» **What the exercise asks**
Output exactly the lines below from the one containing "في الشهداء، هل" to the last line, both included. Omit pictures.

» **Information provided**
####################
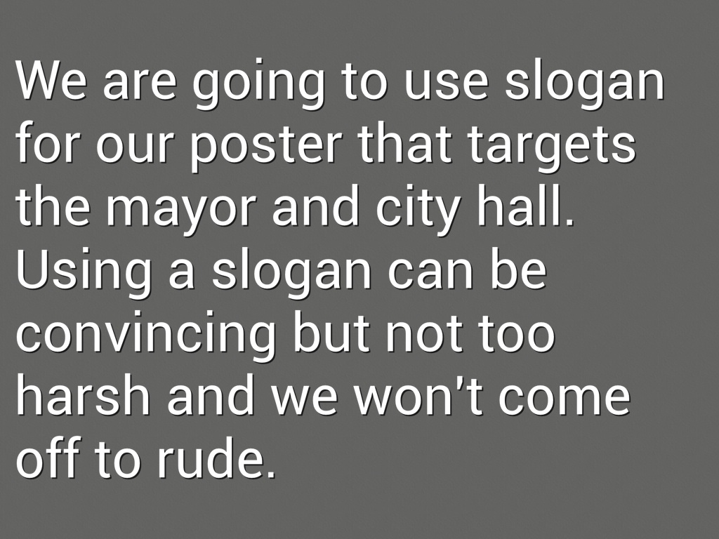 We are going to use slogan for our poster that targets the mayor and city hall. Using a slogan can be convincing but not too harsh and we won't come off to rude.
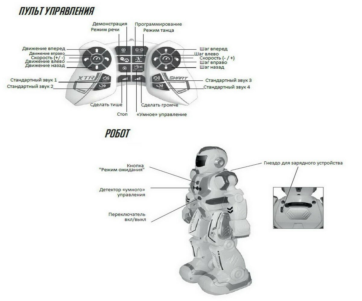 | Плюсы: | Это тот случай, когда реальность превосходит ожидания. Корпус не хлипкий, нет ощущения, что что то может отвалиться или сломаться. Большой плюс это то, что в самом роботе стоит аккумулятор, и робот заряжается, через мини usb, о батарейках можно не думать. На батарейках сам пульт управления, но их наверное хватит на долго. Робот либо шагает (ноги не сгибает), либо катится, смотря какой режим выбрать. Передвигается не особо шустро, я бы даже сказала, что очень медленно. Положение рук можно менять , перемещать вверх вниз и сгибать в локте, с пульта ими управлять нельзя. Есть супер функция -запись голоса и воспроизведение. Робот танцует, разговаривает на своём электронном языке, можно включить сирену , можно регулировать громкость сигналов, а можно и вовсе выключить всякую озвучку. так же можно выключить мигание лампочек. |
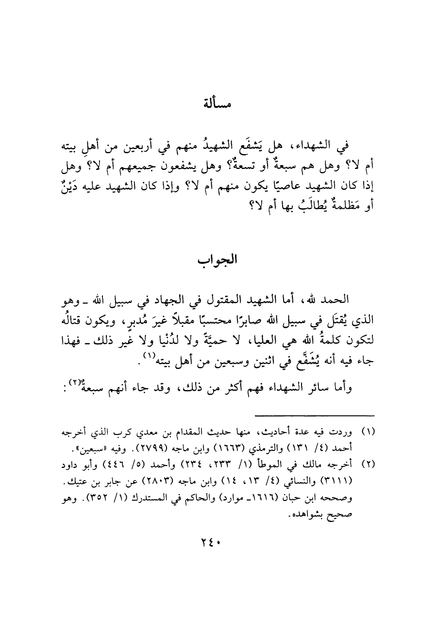 في الشهداء، هل يَشفَع الشهيدُ منهم في أربعين من أهلِ بيته أم لا؟ وهل هم سبعةٌ أو تسعة؟ وهل يشفعون جميعهم أم لا؟ وهل إذا كان الشهيد عاصيًا يكون منهم أم لا؟ وإذا كان الشهيد عليه دَيْن أو مَظلمةٌ يُطالَبُ بها أم لا؟
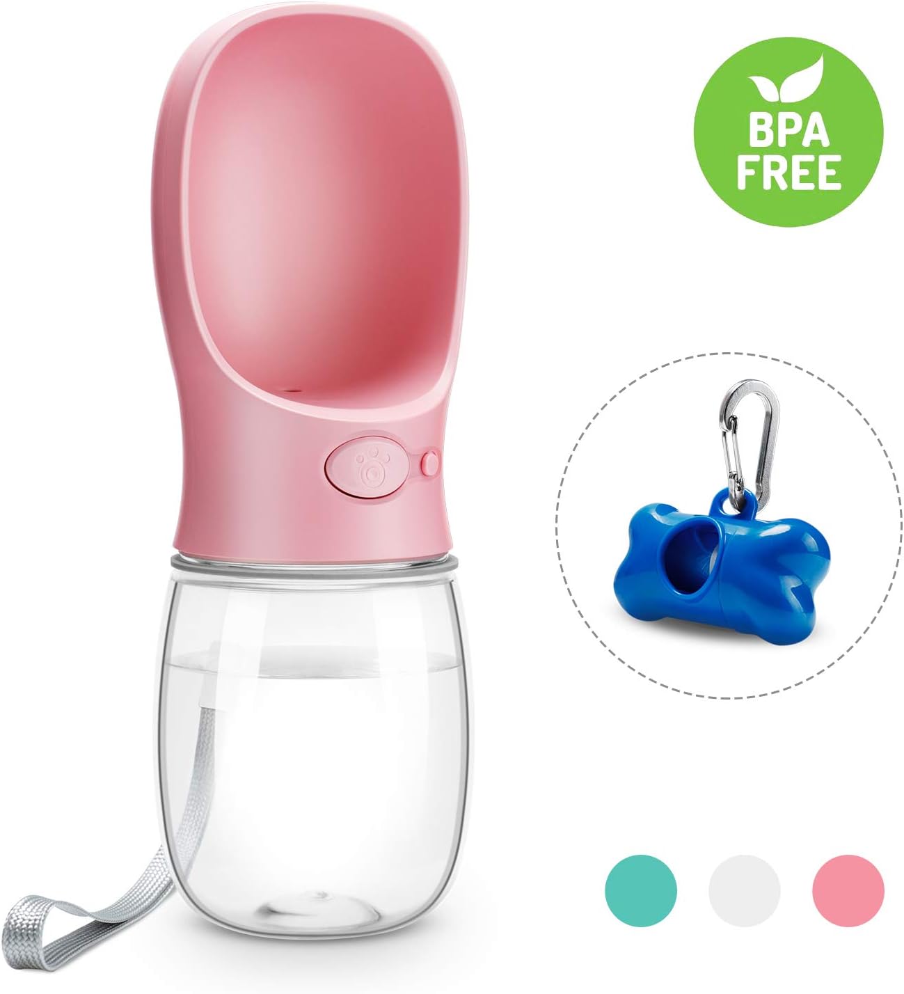Toozey Bouteille pour Chien, Bouteille à Boire Portable de 350 ML Animaux de Compagnie Sac à poussière Chien, Distributeur de Sacs Mousqueton, Bouteille Chats sans BPA, Rose
####################
» **Reply**
 في الشهداء، هل يَشفَع الشهيدُ منهم في أربعين من أهلِ بيته أم لا؟ وهل هم سبعةٌ أو تسعة؟ وهل يشفعون جميعهم أم لا؟ وهل إذا كان الشهيد عاصيًا يكون منهم أم لا؟ وإذا كان الشهيد عليه دَيْن أو مَظلمةٌ يُطالَبُ بها أم لا؟
Toozey Bouteille pour Chien, Bouteille à Boire Portable de 350 ML Animaux de Compagnie Sac à poussière Chien, Distributeur de Sacs Mousqueton, Bouteille Chats sans BPA, Rose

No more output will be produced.